| HOW TO COMPLETE THIS TASK |
Stop at the line that contains "Send your love". Until then, set down each line of the records exactly, beginning with the first, and skip pictures.

Data items

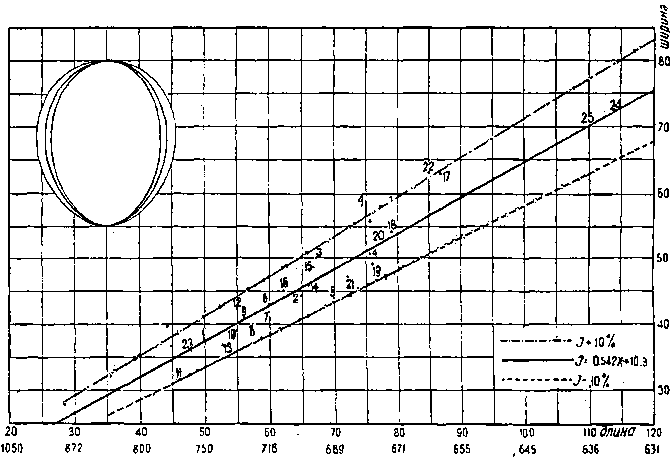 Слева контуры широкого, среднего и узкого яйца. Нижний ряд цифр — величина индекса, отвечающая линии регрессии. Точки 22 и 17 следует сдвинуть на одну клетку вниз.
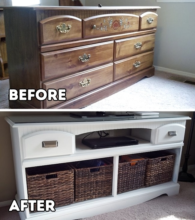 ▼5. 電視櫃:把舊櫃子翻新一下,去掉幾個抽屜,重新刷漆,看起來就像另一件傢俱。
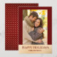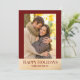 Send your love in style with this festive photo holiday card featuring a deep red border, faux gold foil accents, and a modern serif “Happy Holidays” greeting. The customisable text below the photo allows you to add your names or a short message, making it a beautiful keepsake for friends and family. The back of the card features a coordinating red background with gold polka dots for an extra festive touch. Perfect for couples, families, or newlyweds sharing holiday joy.
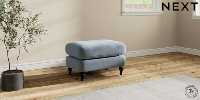 7.2.10 Sadie Deep Relaxed Sit Footstool Relaxed Linen Look Mid Blue High Slim Turned - Dark | Made Click here to use our website with more accessibility support, for example screen readers
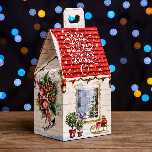 Цена за 5 шт. Подарочная коробка "Домик Тёплая сказка",9,1 х 7 х 15,7 см
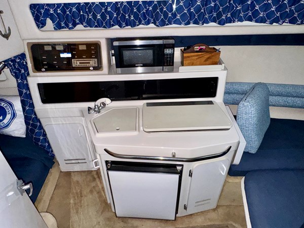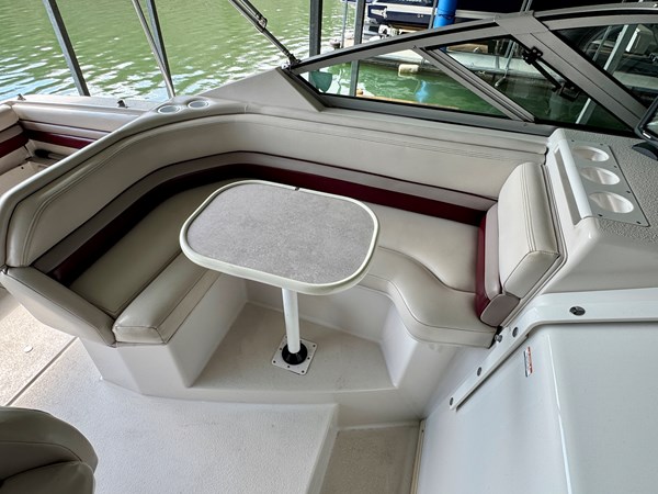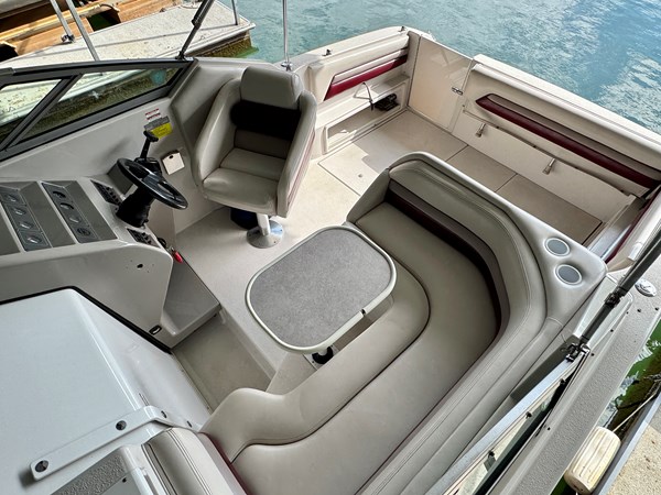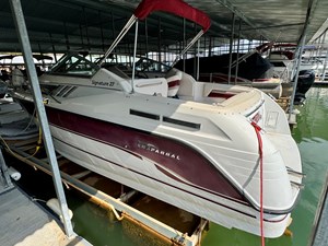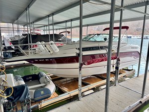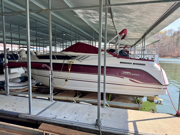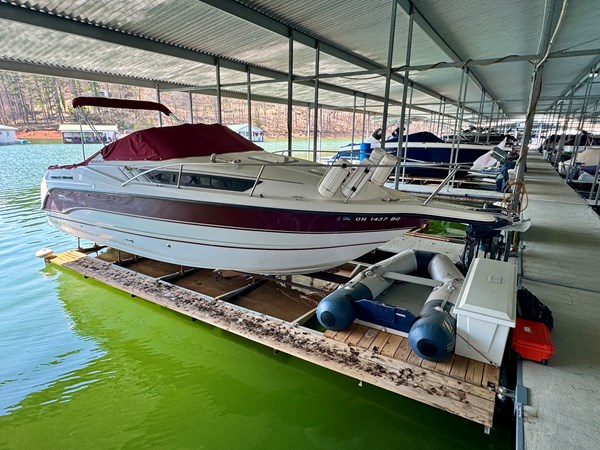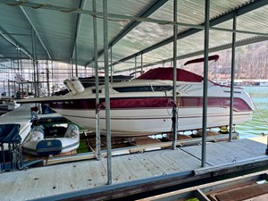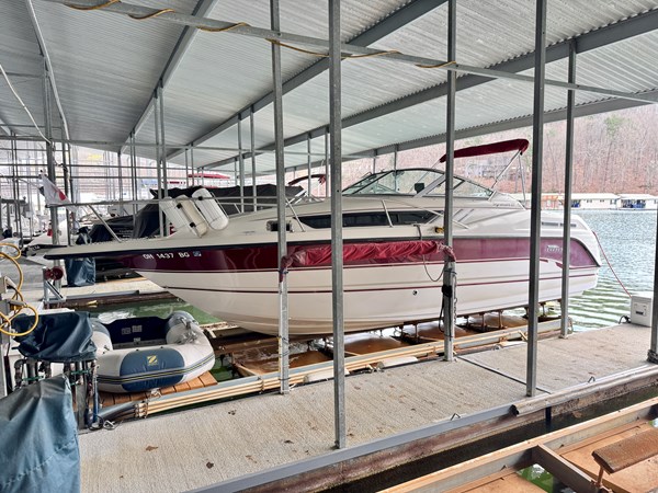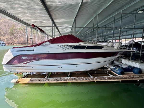 This 1994 Chaparral Signature 27 Cruiser For Sale on Norris Lake Tennessee is equipped with a Volvo Penta 740 V8 inboard/outboard stern drive engine with duo-prop outdrive and features a CruisAir marine air conditioning unit, an AC/DC fridge, alcohol/electric dual burner range cooktop, microwave, sink, AM/FM/CD stereo, dual bimini tops with camper/canvas isinglass enclosure, cockpit cover, convertible v-berth dinette and mid cabin berths to sleep 4, an electric wet head with shower and sink, 1000Watt inverter, dual batteries with battery switch, fish finder, remote spotlight, hot/cold transom shower, & more! Available for an additional purchase: Ozark 10,000lbs capacity front mount boat lift and dock box with a transferable Covered Slip on Norris Lake TN! And a 2011 Zodiac Cadet 260 RIB with a trolling motor is also available for an additional purchase.

| SOLUTION FOR THIS PROBLEM |
 Слева контуры широкого, среднего и узкого яйца. Нижний ряд цифр — величина индекса, отвечающая линии регрессии. Точки 22 и 17 следует сдвинуть на одну клетку вниз.
 ▼5. 電視櫃:把舊櫃子翻新一下,去掉幾個抽屜,重新刷漆,看起來就像另一件傢俱。
 Send your love in style with this festive photo holiday card featuring a deep red border, faux gold foil accents, and a modern serif “Happy Holidays” greeting. The customisable text below the photo allows you to add your names or a short message, making it a beautiful keepsake for friends and family. The back of the card features a coordinating red background with gold polka dots for an extra festive touch. Perfect for couples, families, or newlyweds sharing holiday joy.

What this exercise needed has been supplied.